▶ **What you need to do**: Print the listing below only from the line that has "Truveta membership includes" through the line that has "1 Lambdaのパフォーマンス改善 プラットフォーム戦略部", exactly, and drop any picture.

▶ **Task inputs**:
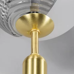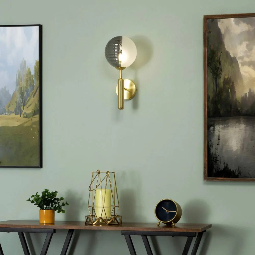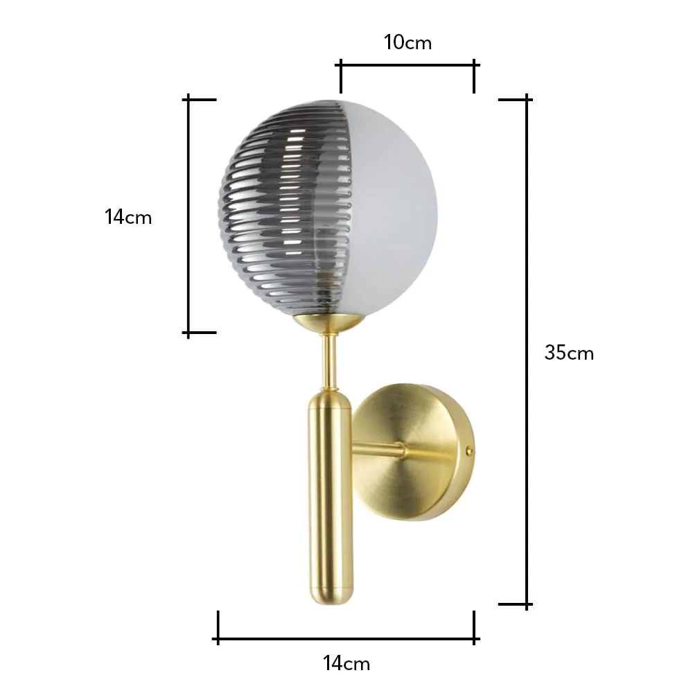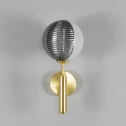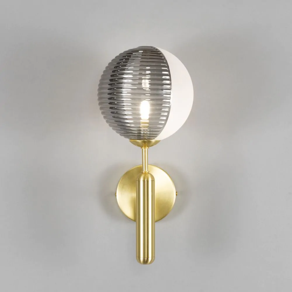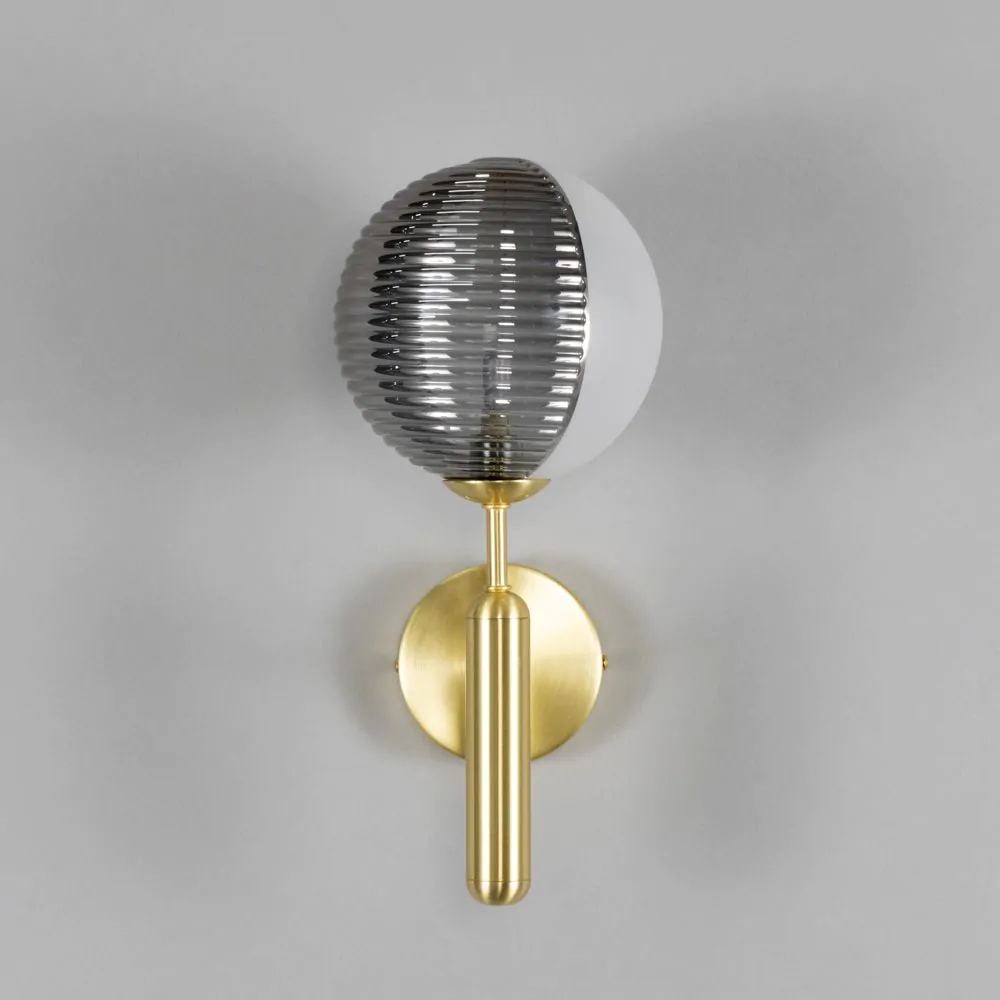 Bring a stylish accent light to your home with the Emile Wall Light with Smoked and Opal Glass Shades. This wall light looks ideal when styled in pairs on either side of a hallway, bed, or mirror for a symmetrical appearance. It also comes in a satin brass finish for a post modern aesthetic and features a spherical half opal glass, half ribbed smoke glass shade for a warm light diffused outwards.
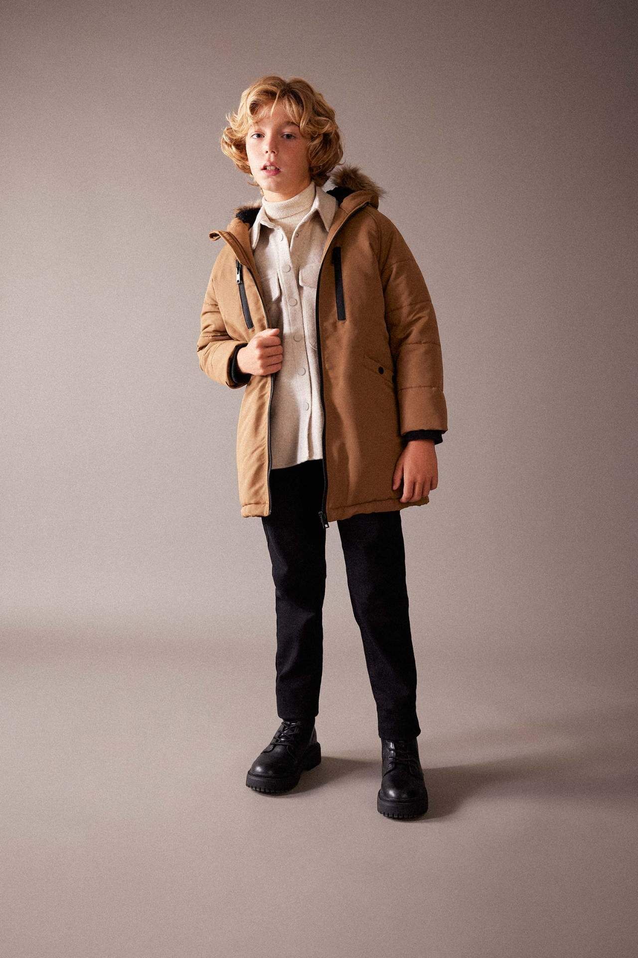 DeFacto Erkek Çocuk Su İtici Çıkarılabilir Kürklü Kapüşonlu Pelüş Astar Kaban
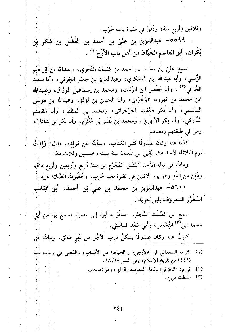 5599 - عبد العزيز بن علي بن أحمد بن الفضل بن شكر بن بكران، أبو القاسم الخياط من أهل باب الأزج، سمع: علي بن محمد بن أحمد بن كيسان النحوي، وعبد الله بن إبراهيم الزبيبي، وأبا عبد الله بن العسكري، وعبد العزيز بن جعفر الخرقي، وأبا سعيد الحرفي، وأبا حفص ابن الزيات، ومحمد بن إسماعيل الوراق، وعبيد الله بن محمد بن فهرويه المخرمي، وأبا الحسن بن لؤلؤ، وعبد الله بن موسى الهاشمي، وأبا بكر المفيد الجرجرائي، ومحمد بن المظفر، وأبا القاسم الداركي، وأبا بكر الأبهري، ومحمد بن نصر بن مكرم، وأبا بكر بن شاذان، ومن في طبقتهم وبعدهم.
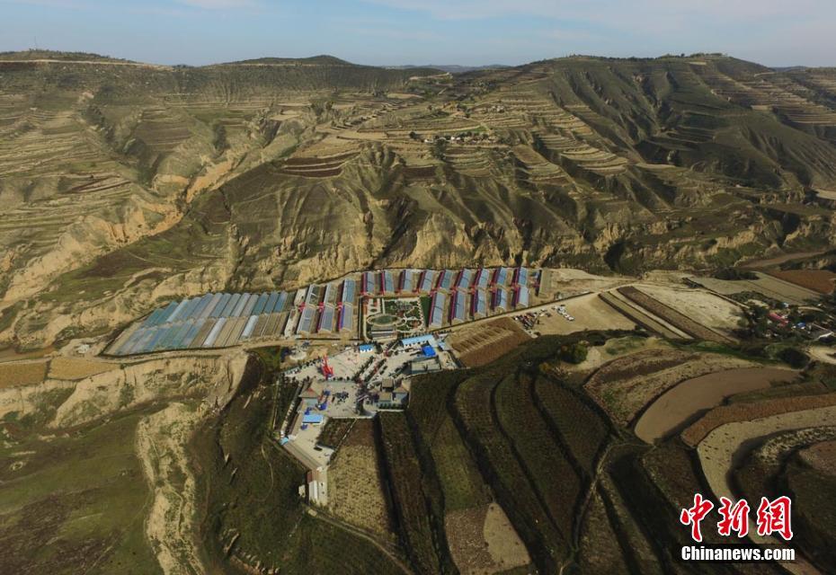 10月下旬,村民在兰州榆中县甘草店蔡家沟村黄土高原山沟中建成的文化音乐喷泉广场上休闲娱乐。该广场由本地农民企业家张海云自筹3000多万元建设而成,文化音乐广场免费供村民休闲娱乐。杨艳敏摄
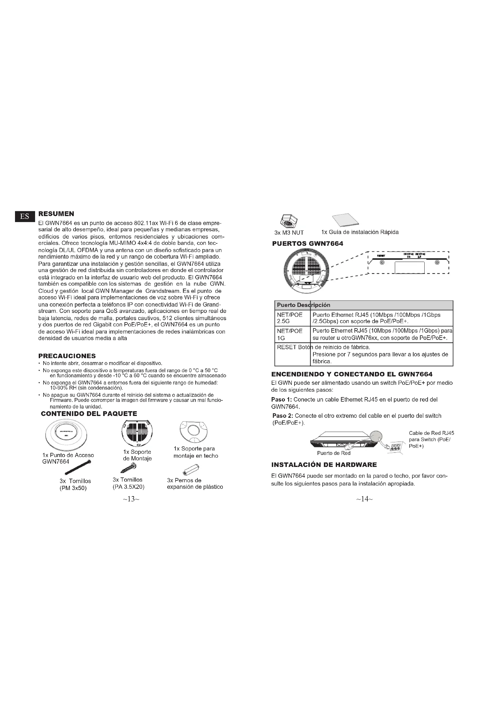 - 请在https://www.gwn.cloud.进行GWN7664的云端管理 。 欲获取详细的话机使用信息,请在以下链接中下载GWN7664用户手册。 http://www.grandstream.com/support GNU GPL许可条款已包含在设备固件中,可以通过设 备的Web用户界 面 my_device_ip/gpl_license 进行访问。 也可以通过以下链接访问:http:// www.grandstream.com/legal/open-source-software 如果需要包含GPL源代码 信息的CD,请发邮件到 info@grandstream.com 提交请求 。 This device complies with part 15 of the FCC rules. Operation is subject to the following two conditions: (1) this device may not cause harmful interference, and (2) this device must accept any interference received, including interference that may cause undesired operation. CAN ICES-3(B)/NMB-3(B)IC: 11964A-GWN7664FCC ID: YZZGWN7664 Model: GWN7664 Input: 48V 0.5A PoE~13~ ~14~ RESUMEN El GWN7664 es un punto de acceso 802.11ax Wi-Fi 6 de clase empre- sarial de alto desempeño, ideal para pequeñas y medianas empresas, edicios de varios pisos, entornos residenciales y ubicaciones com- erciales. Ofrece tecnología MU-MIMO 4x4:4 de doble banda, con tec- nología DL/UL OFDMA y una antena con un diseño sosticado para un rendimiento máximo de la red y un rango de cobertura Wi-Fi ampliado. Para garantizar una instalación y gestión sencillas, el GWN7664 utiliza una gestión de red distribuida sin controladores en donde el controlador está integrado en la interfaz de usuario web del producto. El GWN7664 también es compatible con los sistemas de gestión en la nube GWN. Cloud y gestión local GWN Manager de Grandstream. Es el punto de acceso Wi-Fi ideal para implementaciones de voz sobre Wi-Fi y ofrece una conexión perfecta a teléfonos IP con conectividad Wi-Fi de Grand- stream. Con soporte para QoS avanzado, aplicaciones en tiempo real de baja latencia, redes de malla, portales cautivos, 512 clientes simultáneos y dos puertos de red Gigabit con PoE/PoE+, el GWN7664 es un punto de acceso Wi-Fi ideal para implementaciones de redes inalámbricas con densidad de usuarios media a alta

--

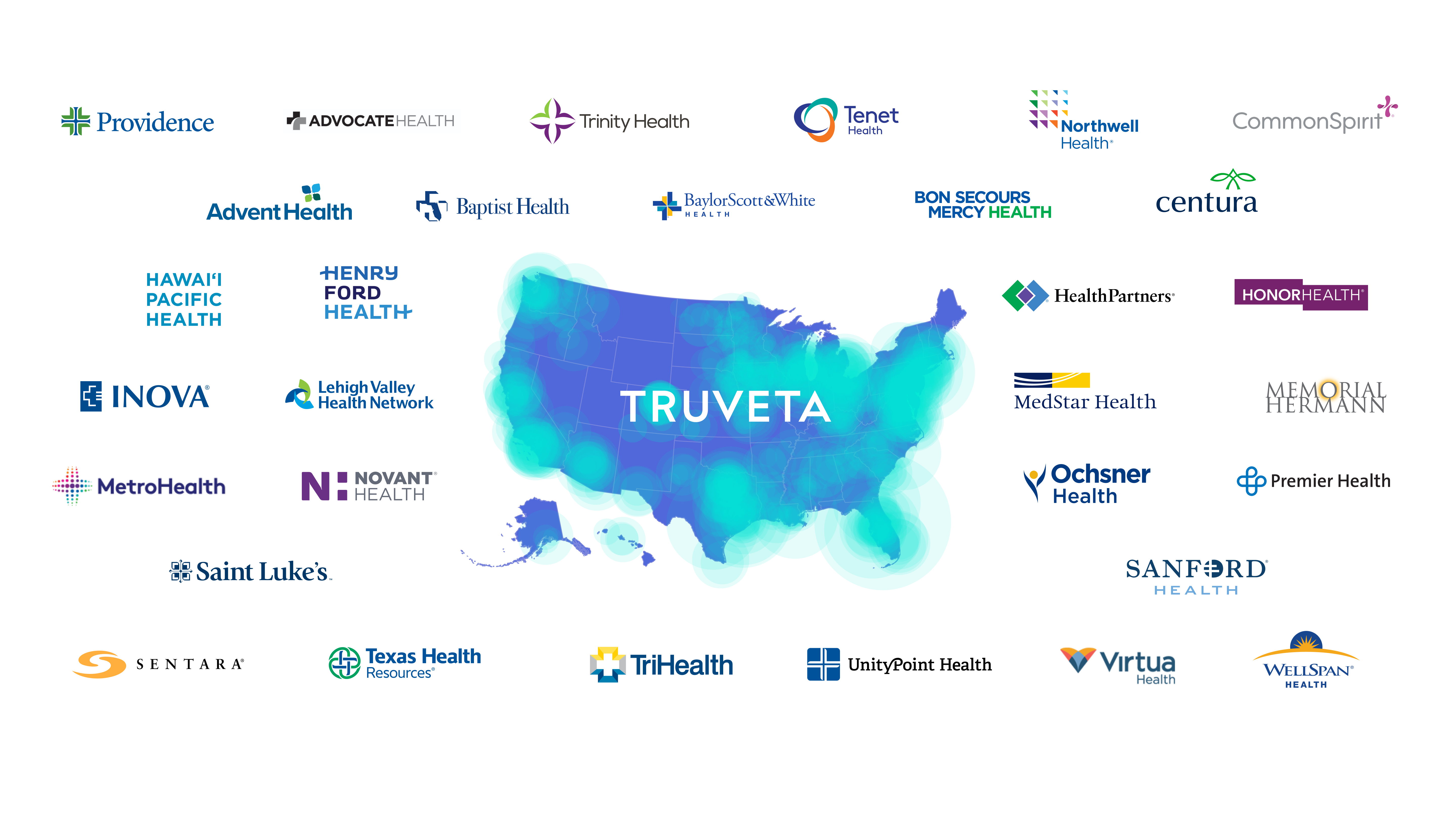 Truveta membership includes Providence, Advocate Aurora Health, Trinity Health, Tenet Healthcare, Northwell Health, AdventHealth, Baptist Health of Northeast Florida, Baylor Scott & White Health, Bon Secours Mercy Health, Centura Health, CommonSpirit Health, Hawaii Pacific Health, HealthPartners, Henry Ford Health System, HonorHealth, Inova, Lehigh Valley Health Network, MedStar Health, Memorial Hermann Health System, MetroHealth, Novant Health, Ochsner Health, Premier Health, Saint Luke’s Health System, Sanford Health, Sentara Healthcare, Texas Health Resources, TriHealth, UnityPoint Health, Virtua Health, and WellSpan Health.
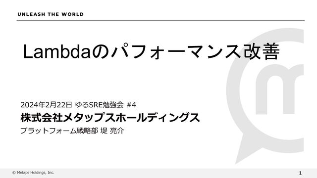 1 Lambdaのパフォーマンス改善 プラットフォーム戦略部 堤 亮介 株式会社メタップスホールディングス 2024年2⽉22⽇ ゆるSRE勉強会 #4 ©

▶ **Result of the task**:
 Truveta membership includes Providence, Advocate Aurora Health, Trinity Health, Tenet Healthcare, Northwell Health, AdventHealth, Baptist Health of Northeast Florida, Baylor Scott & White Health, Bon Secours Mercy Health, Centura Health, CommonSpirit Health, Hawaii Pacific Health, HealthPartners, Henry Ford Health System, HonorHealth, Inova, Lehigh Valley Health Network, MedStar Health, Memorial Hermann Health System, MetroHealth, Novant Health, Ochsner Health, Premier Health, Saint Luke’s Health System, Sanford Health, Sentara Healthcare, Texas Health Resources, TriHealth, UnityPoint Health, Virtua Health, and WellSpan Health.
 1 Lambdaのパフォーマンス改善 プラットフォーム戦略部 堤 亮介 株式会社メタップスホールディングス 2024年2⽉22⽇ ゆるSRE勉強会 #4 ©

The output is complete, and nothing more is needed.